◆ **Required work**
The response should repeat word for word every line below from the one with "At this stage" to the one with "Eeyore managed to", inclusive, and nothing else; leave pictures out.

◆ **Input data**
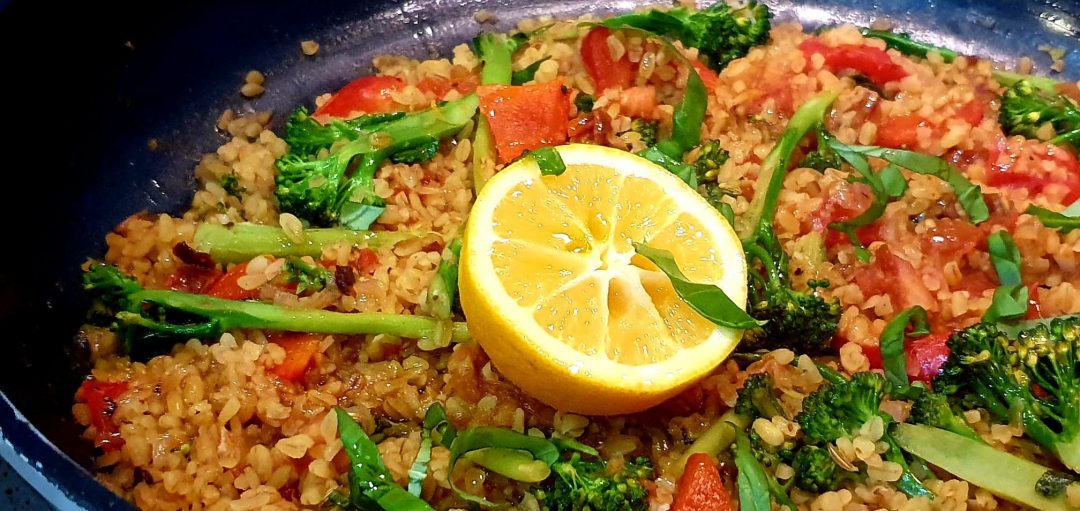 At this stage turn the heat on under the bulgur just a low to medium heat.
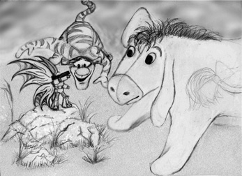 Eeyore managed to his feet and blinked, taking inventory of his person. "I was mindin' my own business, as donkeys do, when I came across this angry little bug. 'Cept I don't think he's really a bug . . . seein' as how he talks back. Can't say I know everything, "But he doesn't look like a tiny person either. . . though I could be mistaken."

...

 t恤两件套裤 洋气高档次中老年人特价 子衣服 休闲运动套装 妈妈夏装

◆ **Answer to this problem**
 At this stage turn the heat on under the bulgur just a low to medium heat.
 Eeyore managed to his feet and blinked, taking inventory of his person. "I was mindin' my own business, as donkeys do, when I came across this angry little bug. 'Cept I don't think he's really a bug . . . seein' as how he talks back. Can't say I know everything, "But he doesn't look like a tiny person either. . . though I could be mistaken."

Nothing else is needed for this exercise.